For large transactions, this approach ensures that the bulk of the transaction’s
WAL records are already sent to the standby before the flush occurs on the primary.
As a result, the flush on the primary and standby happen closer together,
reducing replication lag.
At the high level idea LGTM.
Observations from the benchmark:
1. The patch improves TPS by ~13% in the sync replication setup. In repeated runs,
I see that the TPS increase is anywhere between 5% to 13% .
2. WAL sender reads significantly less WAL from disk, indicating more efficient use
of WAL buffers and reduced disk I/O
Can you please measure the transaction commit latency improvement as well.
Commit latency = Primary_Disk_Flush_time + Standby_disk_fluish_time + network_roundtrip_time
Following are some of the details of the implementation:
1. Primary does not wait for flush before starting to send data, so it is likely to
send smaller chunks of data.
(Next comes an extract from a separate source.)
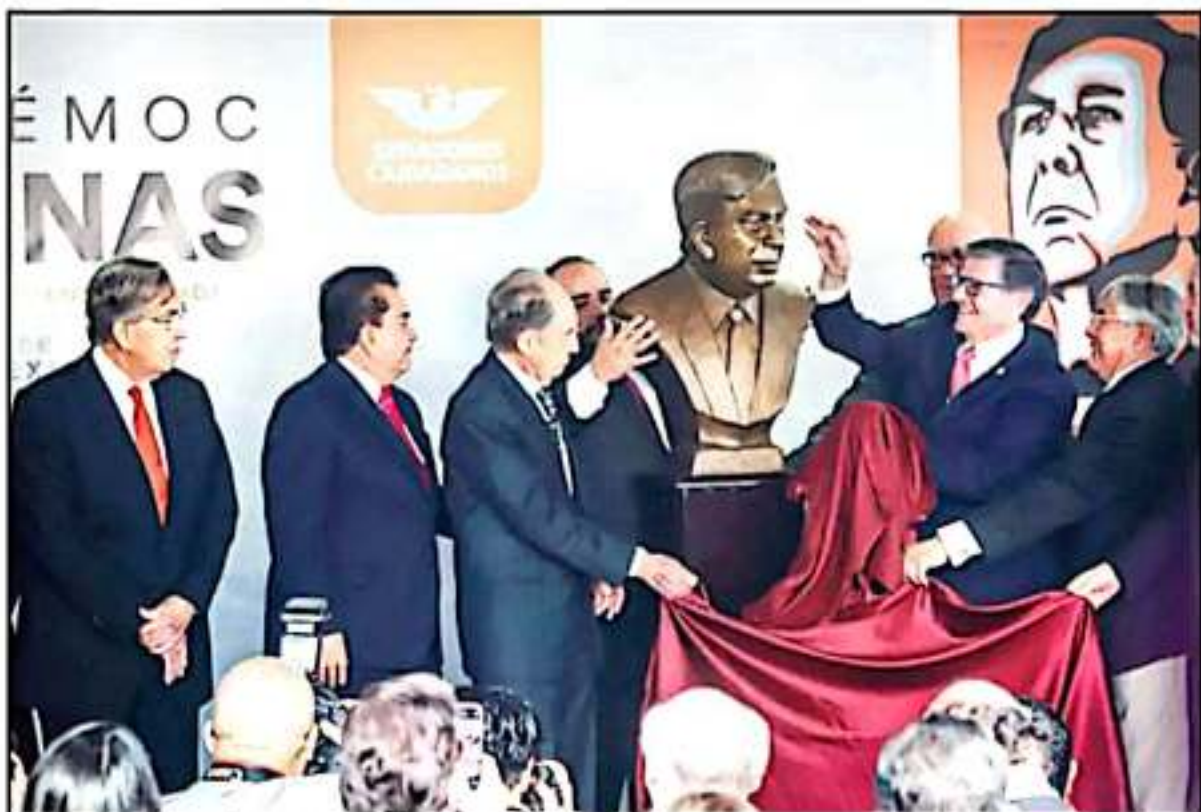
CÁRDENAS, EN LA DEVELACIÓN DE SU BUSTO, PIDIÓ BUSCAR QUE EN MÉXICO SE AMPLIEN ESPACIOS POR UNA DEMOCRACIA CON MAYOR PARTICIPACIÓN CIUDADANA.

"En la actual vida partidaria del país nos están faltando las propuestas de los partidos políticos para encontrar en la pluralidad

To prevent network overload, changes are made to
avoid sending excessively small packets.
2. The sender includes the current flush pointer in the replication protocol
messages, so the standby knows up to which point WAL has been safely flushed
on the primary.
3. The logic ensures that standbys do not apply transactions that have not
been flushed on the primary, by updating the flushedUpto position on the standby
only up to the flushPtr received from the primary.
4. WAL records received from the primary are written and can be flushed to disk on the
standby, but are only marked as flushed up to the flushPtr reported by the primary.
What happens in crash recovery scenarios? For example, when a standby crash restart,
it replays until the end of WAL. In this case, it may end up replaying WAL that was
never flushed on the primary (if primary does a crash recovery).
Shouldn't archive on standby not upload WAL before WAL gets flushed on the primary?
Same applicable for pg_receivewal.
Thanks,
Satya